A small detail which impressed me a lot (besides the great graphics in Fallout 3) is how they did their worn edges.
In the top part of the image below you can see a very nice broken stone. I think it looks really cool and “high poly”. But if you look at it form the side, you see, that the stone geometry IS pretty low poly (middle part of the image)…
If you look at it from the very near, you can see, that they have a really low poly geometry and two textures on it: the “smooth” stone and the broken edge. And to hide the hard transition between them – or let’s say – to create a nice transition, they placed these normal mapped holes.

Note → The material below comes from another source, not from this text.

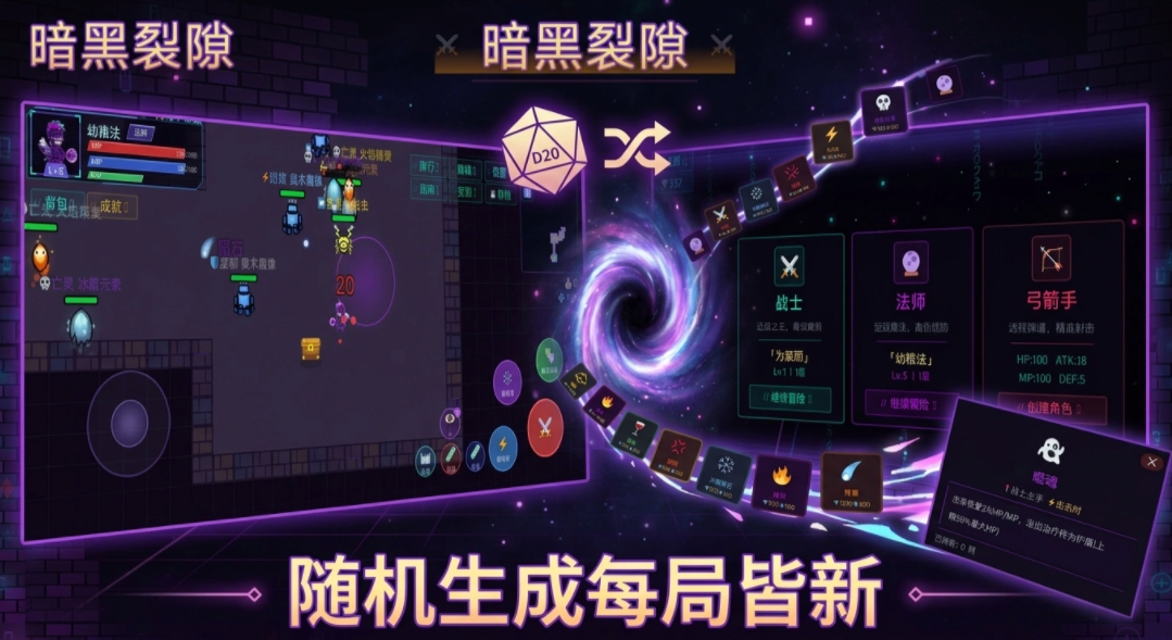 暗黑裂缝在掉落的装备的时候都是随机的,也就是说每一次拾到的装备属性可能都不一样,玩家对于装备也可以进行组合,从而让职业的战斗风格得到更好的成长。在战斗的期间,每一次获得胜利都会有着不一样的成果。在探索的期间要不断的强化自己的角色,就连神秘的迷宫玩法也有着一定的难度和考验,所以要做好装备和资源的整合。

I investigated the stuff a bit and for anyone who’s interested. Here’s a wireframe of the stone. That’s important, because i thought, maybe they did a additonal geometry layer bended around the edges. More about this, at the bottom of this article.
Further i checked out the textures of the edges. Interesting to say, that Fallout uses half the size of the diffuse map for their normal maps. That’s why in the next image the resolution of diffuse-/normal map is different. Also I marked which part of the texture is visible in my screenshot.

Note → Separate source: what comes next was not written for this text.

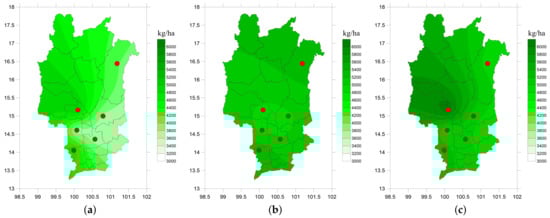 Forecasted results of rice yields in the central region in 2019 to 2021: (a) 2019, (b) 2020, and (c) 2021.
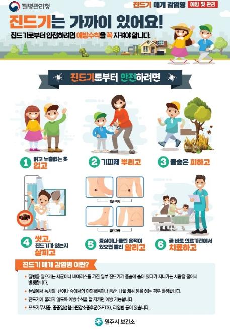 한편, 원주시보건소는 진드기 매개 감염병 고위험군인 농업인 등에게 보건소 또는 읍면동행정복지센터를 통해 진드기 기피제를 배부하고 있다.

By the way, they save their specular map into the alpha channel of the normal map. In the case of these decals, the specular is totally white. I wonder why they just don’t add an alpha channel then. Normally when a texture doesn’t hold a alpha channel, the return value is 1.0 which means “white”. But I’m sure there is some good point i just can’t see.
Let’s talk about the decals. Throttlekitty mentioned that they use decals in a combination with parallax mapping. About the last point I’m not sure, because normally you need a height map for parallax mapping (in addition to the normal map, at least what this article says) and this doesn’t seem the case.

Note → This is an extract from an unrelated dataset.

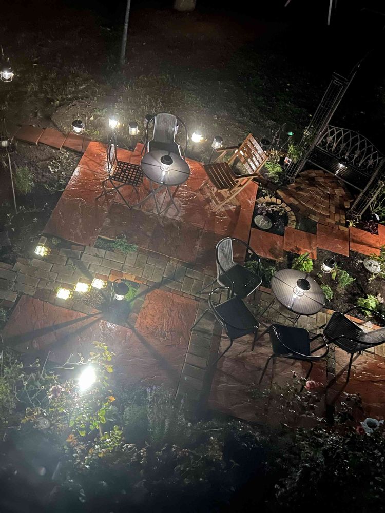 4枚目は バラと宿根草を植えている実家の庭の夜景です🌉(10月)

But wichenroder gave me this very interesting link about the Cry Engine which explains this stuff.
But I’m not 100% convinced that they (Fallout 3) used this technique because i can’t see any extra geometry. Even not when i watch the wireframe right in the game (red line was added by me to make clear which wires belong to the stone, you look at the stone from below, above the stone you can see the sky sphere):
After another round of investigation loaded up the GECK which is a Tool for creating MODs and stuff for Fallout. In there i could see something interesting. You can blend away everything and this stays:
Falk mentioned something: maybe they place the decals in their editor and save this as prefab. Then the level designer could use the prefabs and the decal data is stored wherever. BUT today i talked to a guy at Crytek where another guy (really, at Crytek works another guy??) works which worked at Bethesda in the past. And he (the first mentioned guy) told me, that they (Bethesda) does it exactly the same way like it is in the Cryengine (article mentioned above). OK…maybe i should checkout the NIF tools and maybe there i can see some extra geometry.
Anyway, an interesting note: i asked how the blend away these decals and it was told to me, that they just delete these decal planes in the LoDs. Clever!
No, i didn’t painted some black on the texture. I just disabled Alpha1/Alphatest and this is the result. It’s maybe not a proof but a hint that they used extra geomtery for the stuff.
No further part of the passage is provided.